-- RECORDED DATA follows --

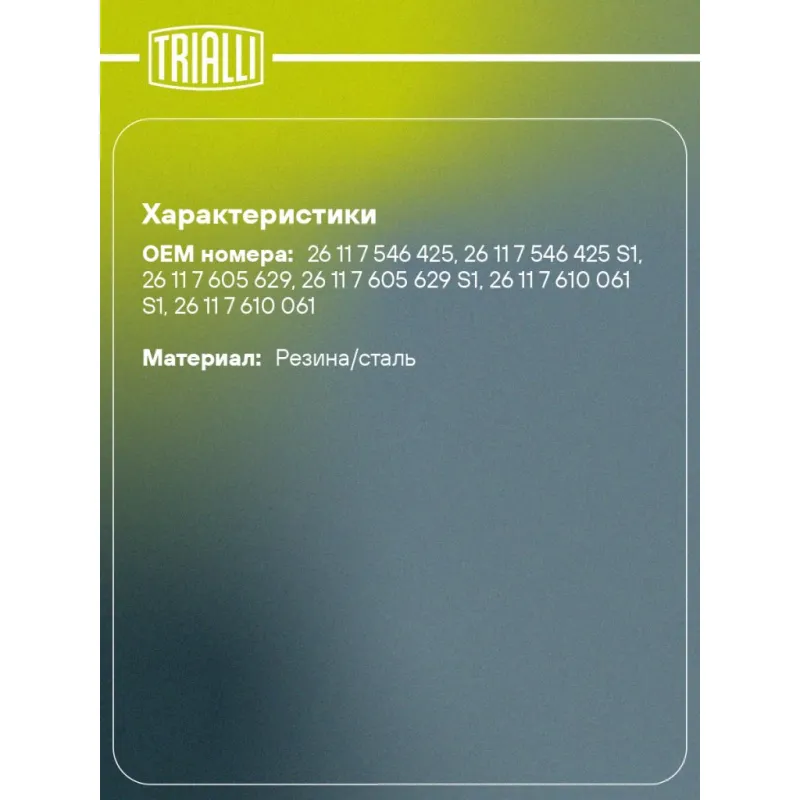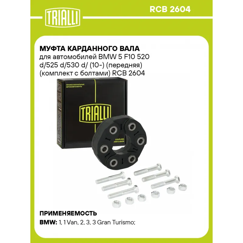 Муфта карданного вала для автомобилей BMW 5 F10 520 d/525 d/530 d/ (10-) (передняя) (комплект с болтами) Характеристики: Артикул: RCB 2604 OEM номера: 26 11 7 546 425, 26 11 7 546 425 S1, 26 11 7 605 629, 26 11 7 605 629 S1, 26 11 7 610 061 S1, 26 11 7 610 061 Материал: Резина/сталь Гарантийный срок: 1 год/ 30 000 км Товарная линейка: BLACK Количество на автомобиль: 1 Комплектация: Руководство по установке - 1 шт Муфта - 1 шт Болт M12x1,5x70 - 6 шт Гайка M12x1,5x18 - 6 шт Гарантия: от 1 года.
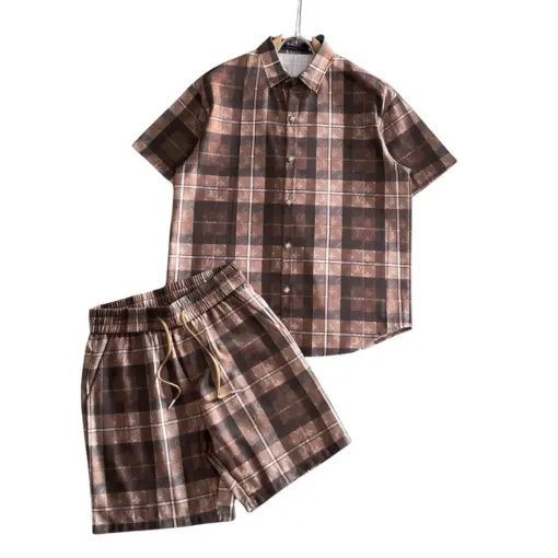 LV Plaid Button-Up Shirt And Matching Shorts Brown
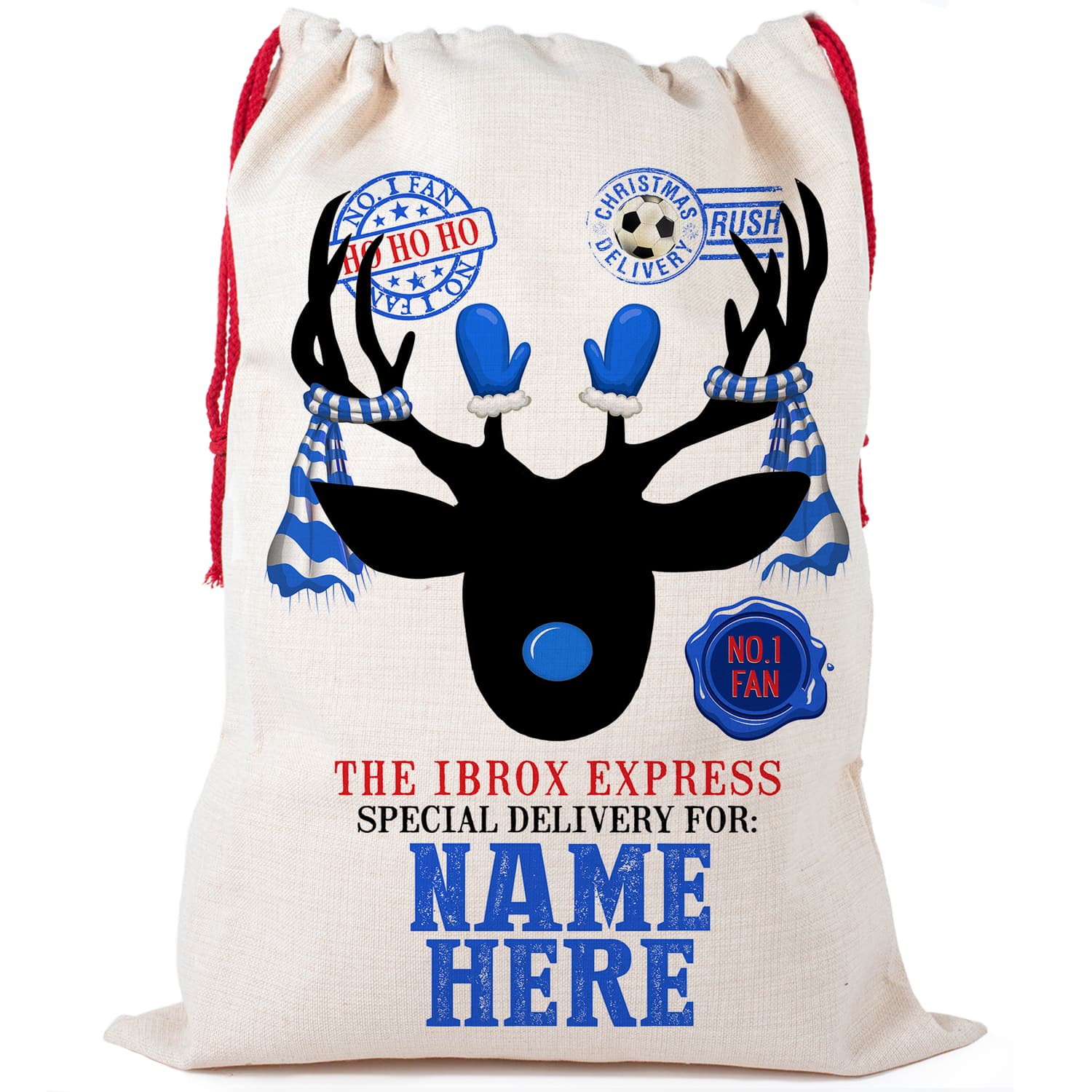 Personalised Glasgow Rangers Football Reindeer Christmas Sack RCS31

-- RECORDED DATA concluded --

> **TASK TO CARRY OUT**:
Where images occur in the data above, leave them out and repeat everything else exactly.

> **ANSWER SPACE**:
 Муфта карданного вала для автомобилей BMW 5 F10 520 d/525 d/530 d/ (10-) (передняя) (комплект с болтами) Характеристики: Артикул: RCB 2604 OEM номера: 26 11 7 546 425, 26 11 7 546 425 S1, 26 11 7 605 629, 26 11 7 605 629 S1, 26 11 7 610 061 S1, 26 11 7 610 061 Материал: Резина/сталь Гарантийный срок: 1 год/ 30 000 км Товарная линейка: BLACK Количество на автомобиль: 1 Комплектация: Руководство по установке - 1 шт Муфта - 1 шт Болт M12x1,5x70 - 6 шт Гайка M12x1,5x18 - 6 шт Гарантия: от 1 года.
 LV Plaid Button-Up Shirt And Matching Shorts Brown
 Personalised Glasgow Rangers Football Reindeer Christmas Sack RCS31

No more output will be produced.